START SOURCE RECORDS

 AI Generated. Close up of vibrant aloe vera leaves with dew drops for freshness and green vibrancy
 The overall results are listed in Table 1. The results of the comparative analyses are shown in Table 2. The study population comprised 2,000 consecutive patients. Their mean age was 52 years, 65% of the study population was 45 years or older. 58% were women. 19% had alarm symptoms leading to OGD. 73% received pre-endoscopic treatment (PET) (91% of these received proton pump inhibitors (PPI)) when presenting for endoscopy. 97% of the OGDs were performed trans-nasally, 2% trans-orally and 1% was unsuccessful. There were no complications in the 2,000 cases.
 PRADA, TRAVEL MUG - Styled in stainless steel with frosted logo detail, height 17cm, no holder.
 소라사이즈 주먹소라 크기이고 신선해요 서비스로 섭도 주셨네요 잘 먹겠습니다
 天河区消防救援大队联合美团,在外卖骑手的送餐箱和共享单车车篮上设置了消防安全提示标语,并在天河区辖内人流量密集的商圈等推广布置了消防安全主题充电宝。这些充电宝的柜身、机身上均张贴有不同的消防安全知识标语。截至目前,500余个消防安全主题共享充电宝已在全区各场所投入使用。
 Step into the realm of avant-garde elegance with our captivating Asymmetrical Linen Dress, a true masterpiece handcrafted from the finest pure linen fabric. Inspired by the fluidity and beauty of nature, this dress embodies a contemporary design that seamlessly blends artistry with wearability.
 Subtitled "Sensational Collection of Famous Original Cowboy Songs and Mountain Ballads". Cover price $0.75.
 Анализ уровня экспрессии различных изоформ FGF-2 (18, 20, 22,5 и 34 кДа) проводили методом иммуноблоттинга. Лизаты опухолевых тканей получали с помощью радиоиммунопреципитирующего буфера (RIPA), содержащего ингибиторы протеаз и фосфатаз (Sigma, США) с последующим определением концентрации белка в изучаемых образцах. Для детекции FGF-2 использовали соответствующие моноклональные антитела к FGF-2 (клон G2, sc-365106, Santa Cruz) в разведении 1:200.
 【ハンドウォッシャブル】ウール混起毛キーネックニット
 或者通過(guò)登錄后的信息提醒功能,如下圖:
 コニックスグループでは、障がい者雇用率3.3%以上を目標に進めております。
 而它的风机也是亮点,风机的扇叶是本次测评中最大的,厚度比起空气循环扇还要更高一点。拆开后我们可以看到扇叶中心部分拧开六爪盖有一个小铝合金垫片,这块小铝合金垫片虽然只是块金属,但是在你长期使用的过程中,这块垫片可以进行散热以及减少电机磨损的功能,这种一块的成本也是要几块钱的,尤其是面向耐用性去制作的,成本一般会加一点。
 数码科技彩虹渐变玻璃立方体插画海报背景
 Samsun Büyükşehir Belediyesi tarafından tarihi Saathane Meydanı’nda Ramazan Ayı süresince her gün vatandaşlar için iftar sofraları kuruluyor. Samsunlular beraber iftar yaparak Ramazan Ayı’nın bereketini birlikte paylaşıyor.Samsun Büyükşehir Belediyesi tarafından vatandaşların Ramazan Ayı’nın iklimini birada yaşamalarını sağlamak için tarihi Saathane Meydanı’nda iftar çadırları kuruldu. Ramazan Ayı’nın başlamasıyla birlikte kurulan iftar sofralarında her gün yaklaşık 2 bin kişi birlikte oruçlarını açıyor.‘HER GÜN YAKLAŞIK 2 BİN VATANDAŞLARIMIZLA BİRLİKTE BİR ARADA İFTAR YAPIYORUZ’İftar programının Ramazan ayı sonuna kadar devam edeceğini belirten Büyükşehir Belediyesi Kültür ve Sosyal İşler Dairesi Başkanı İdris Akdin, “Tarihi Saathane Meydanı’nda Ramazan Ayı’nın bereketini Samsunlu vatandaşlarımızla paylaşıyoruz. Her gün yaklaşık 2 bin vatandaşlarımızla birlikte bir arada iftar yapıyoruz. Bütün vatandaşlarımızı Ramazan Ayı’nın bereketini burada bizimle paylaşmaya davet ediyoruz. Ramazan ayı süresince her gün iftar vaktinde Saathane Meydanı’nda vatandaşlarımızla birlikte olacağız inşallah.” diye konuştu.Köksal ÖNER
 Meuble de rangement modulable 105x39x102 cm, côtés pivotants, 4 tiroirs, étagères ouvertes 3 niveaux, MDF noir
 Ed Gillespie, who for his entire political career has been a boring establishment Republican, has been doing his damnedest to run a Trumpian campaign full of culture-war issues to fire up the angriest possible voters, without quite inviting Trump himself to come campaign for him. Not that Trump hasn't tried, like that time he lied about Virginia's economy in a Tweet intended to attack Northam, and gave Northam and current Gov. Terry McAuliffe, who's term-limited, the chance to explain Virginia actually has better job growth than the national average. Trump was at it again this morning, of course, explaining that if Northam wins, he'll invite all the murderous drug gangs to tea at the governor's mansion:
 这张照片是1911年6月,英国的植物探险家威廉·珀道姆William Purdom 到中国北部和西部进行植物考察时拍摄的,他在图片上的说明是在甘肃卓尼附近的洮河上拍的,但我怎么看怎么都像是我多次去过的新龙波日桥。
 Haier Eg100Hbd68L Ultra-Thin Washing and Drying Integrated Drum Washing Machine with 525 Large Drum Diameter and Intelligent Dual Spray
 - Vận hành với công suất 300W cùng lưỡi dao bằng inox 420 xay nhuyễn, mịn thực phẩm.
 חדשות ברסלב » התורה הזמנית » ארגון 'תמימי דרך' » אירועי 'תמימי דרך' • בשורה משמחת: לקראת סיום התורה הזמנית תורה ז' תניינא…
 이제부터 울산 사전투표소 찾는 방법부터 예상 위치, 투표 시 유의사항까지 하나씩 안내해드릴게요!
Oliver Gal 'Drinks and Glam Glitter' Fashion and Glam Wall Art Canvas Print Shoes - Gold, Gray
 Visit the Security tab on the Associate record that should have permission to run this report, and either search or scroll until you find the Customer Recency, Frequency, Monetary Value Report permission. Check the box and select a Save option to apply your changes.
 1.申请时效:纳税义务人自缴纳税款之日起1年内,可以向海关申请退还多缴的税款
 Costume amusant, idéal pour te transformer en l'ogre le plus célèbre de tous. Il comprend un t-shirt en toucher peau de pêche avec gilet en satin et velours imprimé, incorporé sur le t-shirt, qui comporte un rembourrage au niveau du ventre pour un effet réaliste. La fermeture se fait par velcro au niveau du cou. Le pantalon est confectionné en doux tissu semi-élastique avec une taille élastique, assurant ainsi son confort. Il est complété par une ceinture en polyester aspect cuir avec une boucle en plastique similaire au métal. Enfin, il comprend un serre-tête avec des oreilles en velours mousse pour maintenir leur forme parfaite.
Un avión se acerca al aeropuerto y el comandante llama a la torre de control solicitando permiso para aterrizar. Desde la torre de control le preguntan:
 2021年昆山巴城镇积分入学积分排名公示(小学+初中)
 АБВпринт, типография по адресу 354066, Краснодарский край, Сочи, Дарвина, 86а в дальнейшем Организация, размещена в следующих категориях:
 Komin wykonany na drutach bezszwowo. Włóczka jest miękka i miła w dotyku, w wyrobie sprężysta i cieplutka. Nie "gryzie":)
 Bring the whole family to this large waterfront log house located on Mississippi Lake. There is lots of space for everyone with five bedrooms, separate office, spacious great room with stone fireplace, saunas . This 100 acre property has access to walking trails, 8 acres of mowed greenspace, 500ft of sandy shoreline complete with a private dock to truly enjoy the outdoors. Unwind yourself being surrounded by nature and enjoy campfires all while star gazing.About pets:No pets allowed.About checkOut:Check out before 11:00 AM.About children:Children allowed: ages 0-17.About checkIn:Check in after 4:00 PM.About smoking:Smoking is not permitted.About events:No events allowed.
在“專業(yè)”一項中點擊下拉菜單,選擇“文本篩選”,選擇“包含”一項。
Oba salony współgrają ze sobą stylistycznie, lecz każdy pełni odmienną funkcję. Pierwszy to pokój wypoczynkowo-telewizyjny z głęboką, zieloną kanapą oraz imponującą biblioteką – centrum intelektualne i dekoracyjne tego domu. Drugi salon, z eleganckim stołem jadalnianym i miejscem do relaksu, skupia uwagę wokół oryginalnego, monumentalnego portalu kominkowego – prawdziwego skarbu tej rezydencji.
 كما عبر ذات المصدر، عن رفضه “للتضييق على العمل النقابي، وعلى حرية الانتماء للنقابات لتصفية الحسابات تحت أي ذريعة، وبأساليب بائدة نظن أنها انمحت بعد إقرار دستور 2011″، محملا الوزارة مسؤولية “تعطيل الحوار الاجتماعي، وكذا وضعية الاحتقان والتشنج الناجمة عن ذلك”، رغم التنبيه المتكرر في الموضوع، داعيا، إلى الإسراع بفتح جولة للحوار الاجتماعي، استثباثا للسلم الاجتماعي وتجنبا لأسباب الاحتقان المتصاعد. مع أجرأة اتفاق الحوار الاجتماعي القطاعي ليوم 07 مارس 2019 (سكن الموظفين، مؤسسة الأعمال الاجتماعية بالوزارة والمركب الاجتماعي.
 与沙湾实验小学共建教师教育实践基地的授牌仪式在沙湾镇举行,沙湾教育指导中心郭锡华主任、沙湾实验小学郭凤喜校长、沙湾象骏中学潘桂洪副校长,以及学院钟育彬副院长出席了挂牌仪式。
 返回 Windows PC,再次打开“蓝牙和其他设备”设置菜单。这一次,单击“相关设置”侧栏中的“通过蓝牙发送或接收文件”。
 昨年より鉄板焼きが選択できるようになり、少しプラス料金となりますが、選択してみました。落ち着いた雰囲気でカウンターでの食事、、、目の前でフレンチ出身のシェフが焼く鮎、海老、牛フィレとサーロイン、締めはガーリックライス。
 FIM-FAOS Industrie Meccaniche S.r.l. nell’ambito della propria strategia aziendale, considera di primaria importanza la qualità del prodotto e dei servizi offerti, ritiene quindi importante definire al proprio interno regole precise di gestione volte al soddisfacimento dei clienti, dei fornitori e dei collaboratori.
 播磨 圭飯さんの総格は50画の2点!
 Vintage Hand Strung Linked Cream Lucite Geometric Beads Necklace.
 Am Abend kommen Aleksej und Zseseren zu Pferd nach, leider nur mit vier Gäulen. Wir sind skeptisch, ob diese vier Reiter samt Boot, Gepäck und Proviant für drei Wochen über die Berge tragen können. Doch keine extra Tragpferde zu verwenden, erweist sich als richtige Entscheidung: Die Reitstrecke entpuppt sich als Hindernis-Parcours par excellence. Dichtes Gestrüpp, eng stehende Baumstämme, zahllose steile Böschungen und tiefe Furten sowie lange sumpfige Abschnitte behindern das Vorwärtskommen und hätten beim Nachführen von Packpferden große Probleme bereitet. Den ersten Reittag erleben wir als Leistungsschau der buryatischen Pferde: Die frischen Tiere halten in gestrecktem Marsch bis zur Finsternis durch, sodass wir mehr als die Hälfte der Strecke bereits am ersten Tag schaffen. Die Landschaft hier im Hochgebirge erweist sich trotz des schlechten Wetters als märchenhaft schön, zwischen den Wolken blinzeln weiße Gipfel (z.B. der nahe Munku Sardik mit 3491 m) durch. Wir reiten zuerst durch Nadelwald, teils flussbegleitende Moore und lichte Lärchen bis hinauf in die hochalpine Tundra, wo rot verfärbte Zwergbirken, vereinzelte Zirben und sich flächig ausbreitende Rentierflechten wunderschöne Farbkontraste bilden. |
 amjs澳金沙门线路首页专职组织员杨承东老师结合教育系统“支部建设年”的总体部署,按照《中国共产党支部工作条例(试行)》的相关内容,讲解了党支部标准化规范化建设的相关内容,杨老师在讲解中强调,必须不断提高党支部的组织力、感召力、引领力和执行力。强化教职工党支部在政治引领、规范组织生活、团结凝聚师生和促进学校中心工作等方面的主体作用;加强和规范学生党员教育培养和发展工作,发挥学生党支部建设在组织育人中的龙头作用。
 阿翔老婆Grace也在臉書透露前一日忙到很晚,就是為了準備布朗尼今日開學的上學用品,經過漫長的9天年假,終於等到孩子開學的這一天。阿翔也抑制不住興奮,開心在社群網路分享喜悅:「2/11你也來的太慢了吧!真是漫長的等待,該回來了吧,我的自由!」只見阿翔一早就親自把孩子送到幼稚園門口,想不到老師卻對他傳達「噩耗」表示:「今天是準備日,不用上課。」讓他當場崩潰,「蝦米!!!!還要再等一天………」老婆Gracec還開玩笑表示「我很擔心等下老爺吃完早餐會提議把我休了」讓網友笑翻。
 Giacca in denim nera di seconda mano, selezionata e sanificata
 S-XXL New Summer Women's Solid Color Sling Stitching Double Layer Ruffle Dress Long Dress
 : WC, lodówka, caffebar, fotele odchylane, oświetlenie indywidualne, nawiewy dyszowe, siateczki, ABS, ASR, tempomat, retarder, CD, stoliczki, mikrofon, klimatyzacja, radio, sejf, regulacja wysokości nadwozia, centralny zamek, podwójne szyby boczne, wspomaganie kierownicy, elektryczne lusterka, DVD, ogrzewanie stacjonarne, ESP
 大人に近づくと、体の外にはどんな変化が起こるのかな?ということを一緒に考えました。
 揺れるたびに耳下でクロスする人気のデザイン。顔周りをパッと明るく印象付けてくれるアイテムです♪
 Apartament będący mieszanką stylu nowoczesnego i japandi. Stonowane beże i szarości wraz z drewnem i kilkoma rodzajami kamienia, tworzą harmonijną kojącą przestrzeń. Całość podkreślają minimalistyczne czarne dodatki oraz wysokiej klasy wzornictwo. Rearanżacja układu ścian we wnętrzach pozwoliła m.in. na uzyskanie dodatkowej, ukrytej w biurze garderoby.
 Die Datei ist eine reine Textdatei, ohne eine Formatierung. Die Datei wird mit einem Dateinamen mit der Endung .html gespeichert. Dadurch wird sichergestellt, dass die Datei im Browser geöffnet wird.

END SOURCE RECORDS

*YOUR OBJECTIVE:* An exact copy of the lines above between the line holding "Cover price $0.75." and the line holding "コニックスグループでは、障がい者雇用率3.3%以上を目標に進めております。", inclusive, is the whole answer.

*RESPONSE:*
 Subtitled "Sensational Collection of Famous Original Cowboy Songs and Mountain Ballads". Cover price $0.75.
 Анализ уровня экспрессии различных изоформ FGF-2 (18, 20, 22,5 и 34 кДа) проводили методом иммуноблоттинга. Лизаты опухолевых тканей получали с помощью радиоиммунопреципитирующего буфера (RIPA), содержащего ингибиторы протеаз и фосфатаз (Sigma, США) с последующим определением концентрации белка в изучаемых образцах. Для детекции FGF-2 использовали соответствующие моноклональные антитела к FGF-2 (клон G2, sc-365106, Santa Cruz) в разведении 1:200.
 【ハンドウォッシャブル】ウール混起毛キーネックニット
 或者通過(guò)登錄后的信息提醒功能,如下圖:
 コニックスグループでは、障がい者雇用率3.3%以上を目標に進めております。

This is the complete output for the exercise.